И надо будет уже ударить по цензовым: но до сих пор вы не слышали ни от Родзянки, ни от Милюкова ни одного слова о том, будет ли отнята земля у помещиков и передана народу. Надежда плохая!… Вот эта «надежда плохая» – очень простонародно звучит и берёт за сердце.
Горничная сказала Матвею в прихожей, что восстановился телефон и с тех пор два раза звонила ему Вероника.
– Ладно, – ответил он. Велел подать обед ему в комнату и пошёл работать.
209
Молодые офицеры-самокатчики находились в состоянии паралича соображения: им крикнуто было, что их расстреляют, и это не вызывало у них сомнения: при обстоятельствах, как взяли их, при всей слышанной ярости толпы. И первые минуты они ехали в грузовике, мало оглядываясь и не соображая, что делается вокруг: это уже не касалось их жизни, революция или не революция, это уже был другой, остающийся мир.
Тот их спаситель, амурский казак, с ними не поехал, а везли их матросы и студенты. И матросы спорили, что нечего того прапорщика слушать, нечего везти их в Государственную Думу, а хлопнуть тут, на пустырях Выборгской стороны. А студенты возражали, что должен быть справедливый революционный суд.
И действительно, везли их совсем не в центр, а улицами окраинными, меж пустырей. Значит, брало мнение расстрелять.

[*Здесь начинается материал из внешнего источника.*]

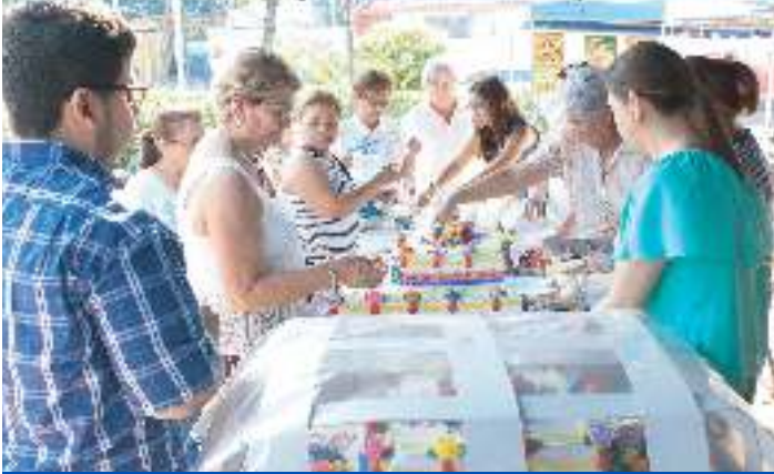
Agasajo a madres de Antigua Cuscatlán
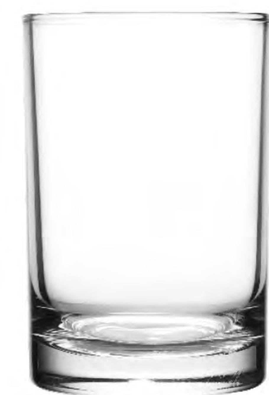
UG-381 162cc 水杯 H: 86.80mm φ: 57.50mm 6X12
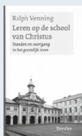
Uit: "Leren op de school van Christus", Ralph Venning (uitg. Brevier).
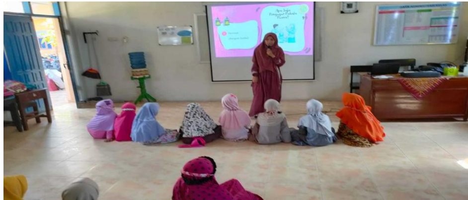
Gambar 4.19 Kajian Keputrian 153

antusias mengikuti kegiatan tersebut, pembahasan dalam kajian ini adalah tentang puasa. 152
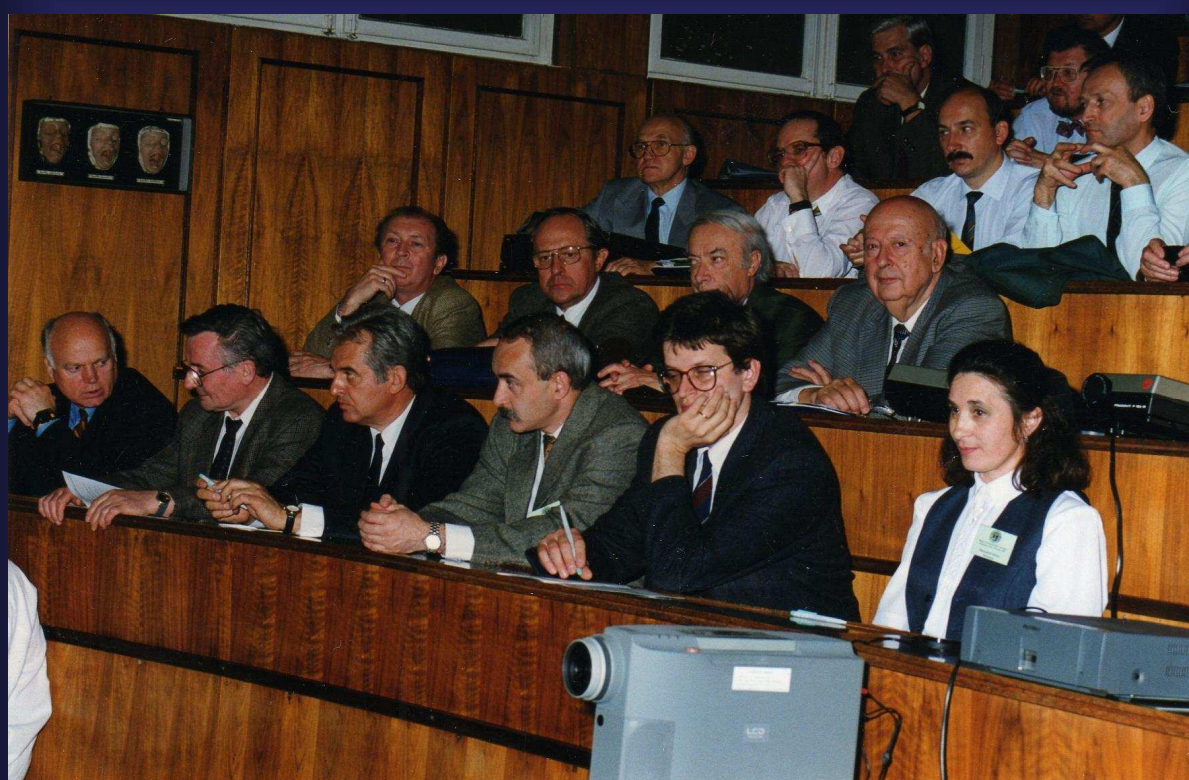
A közönség soraiban

А привезли – в Политехнический институт, здесь завели в комнату с наружным часовым. Пришли курсистки-медички и подпоручику Левитскому перевязали раненый бок. Всё-таки перед расстрелом это не делается. Ещё через час курсистки же принесли поесть. Над едой очнулись: ведь не ели 36 часов. Приободрились. Стали думать, что и никуда больше не повезут.
Но ещё через час пришли несколько студентов с винтовками – а матросов уже не было. Студенты держались сумрачно, на вопросы не отвечали, посадили их в грузовик – и опять повезли.
Конечно, это была нестоящая охрана, но мысль о побеге как-то не поднялась, устали, ещё гудело в ушах от утренней стрельбы.
Шофёр гнал совсем по-сумасшедшему, иногда резко тормозя. Стали появляться костры, заставы, многие люди – с флагами, штыками, пеньем, кричали «ура» – и преобразившиеся студенты отвечали им криками.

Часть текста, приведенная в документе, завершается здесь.